ASSIGNED TASK: The whole listing below needs to be duplicated exactly, pictures aside.

SOURCE MATERIAL:
----------

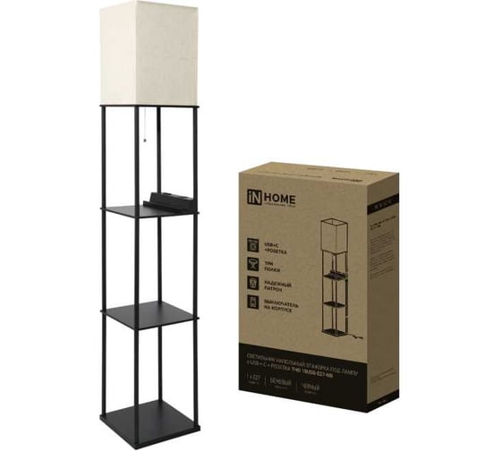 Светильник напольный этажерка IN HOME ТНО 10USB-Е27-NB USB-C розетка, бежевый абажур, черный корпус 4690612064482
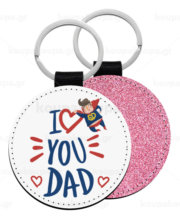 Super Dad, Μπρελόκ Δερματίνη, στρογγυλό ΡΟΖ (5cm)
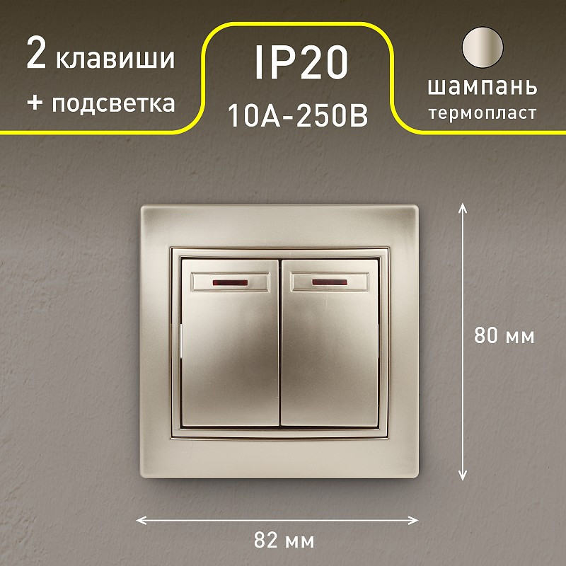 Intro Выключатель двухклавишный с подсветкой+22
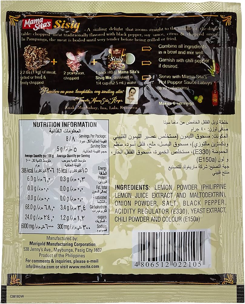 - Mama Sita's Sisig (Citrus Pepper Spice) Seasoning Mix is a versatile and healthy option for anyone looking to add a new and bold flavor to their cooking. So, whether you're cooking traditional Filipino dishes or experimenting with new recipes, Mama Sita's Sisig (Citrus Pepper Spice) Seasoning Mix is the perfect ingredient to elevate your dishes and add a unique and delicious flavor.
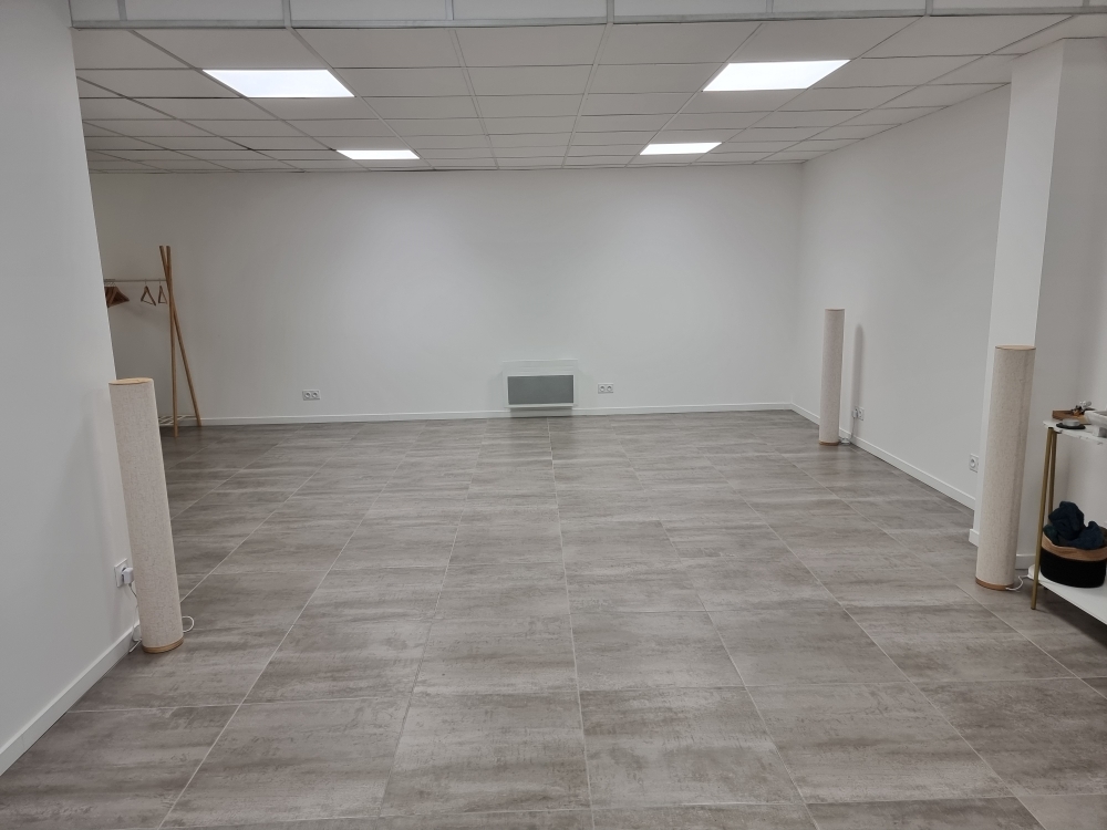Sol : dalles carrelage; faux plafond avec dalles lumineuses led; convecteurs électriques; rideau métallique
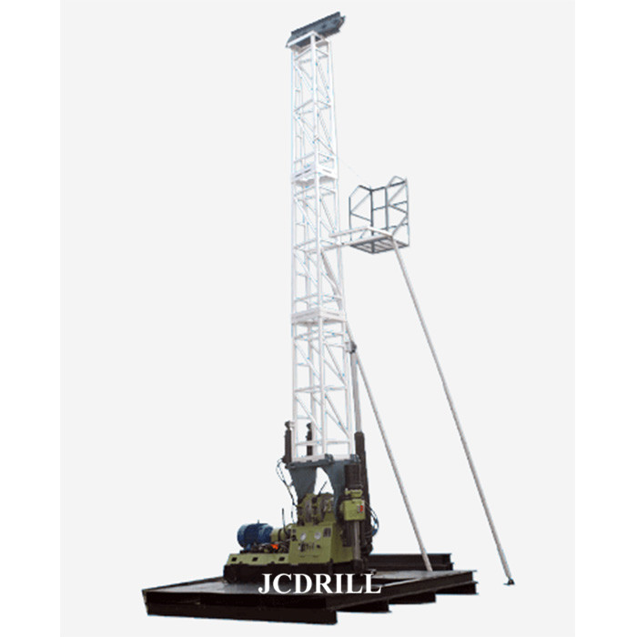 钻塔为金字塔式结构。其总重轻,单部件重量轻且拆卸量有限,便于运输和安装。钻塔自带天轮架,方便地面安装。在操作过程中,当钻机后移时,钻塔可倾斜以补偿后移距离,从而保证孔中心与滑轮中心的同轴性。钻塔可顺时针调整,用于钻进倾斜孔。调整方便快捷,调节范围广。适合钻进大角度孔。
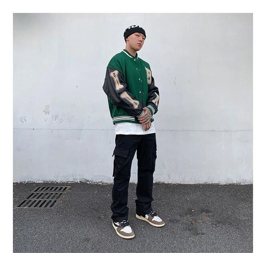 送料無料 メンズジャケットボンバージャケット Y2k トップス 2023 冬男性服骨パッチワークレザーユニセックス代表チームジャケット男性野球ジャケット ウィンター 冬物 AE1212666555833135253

----------

OUTPUT OF THE EXERCISE:
 Светильник напольный этажерка IN HOME ТНО 10USB-Е27-NB USB-C розетка, бежевый абажур, черный корпус 4690612064482
 Super Dad, Μπρελόκ Δερματίνη, στρογγυλό ΡΟΖ (5cm)
 Intro Выключатель двухклавишный с подсветкой+22
 - Mama Sita's Sisig (Citrus Pepper Spice) Seasoning Mix is a versatile and healthy option for anyone looking to add a new and bold flavor to their cooking. So, whether you're cooking traditional Filipino dishes or experimenting with new recipes, Mama Sita's Sisig (Citrus Pepper Spice) Seasoning Mix is the perfect ingredient to elevate your dishes and add a unique and delicious flavor.
Sol : dalles carrelage; faux plafond avec dalles lumineuses led; convecteurs électriques; rideau métallique
 钻塔为金字塔式结构。其总重轻,单部件重量轻且拆卸量有限,便于运输和安装。钻塔自带天轮架,方便地面安装。在操作过程中,当钻机后移时,钻塔可倾斜以补偿后移距离,从而保证孔中心与滑轮中心的同轴性。钻塔可顺时针调整,用于钻进倾斜孔。调整方便快捷,调节范围广。适合钻进大角度孔。
 送料無料 メンズジャケットボンバージャケット Y2k トップス 2023 冬男性服骨パッチワークレザーユニセックス代表チームジャケット男性野球ジャケット ウィンター 冬物 AE1212666555833135253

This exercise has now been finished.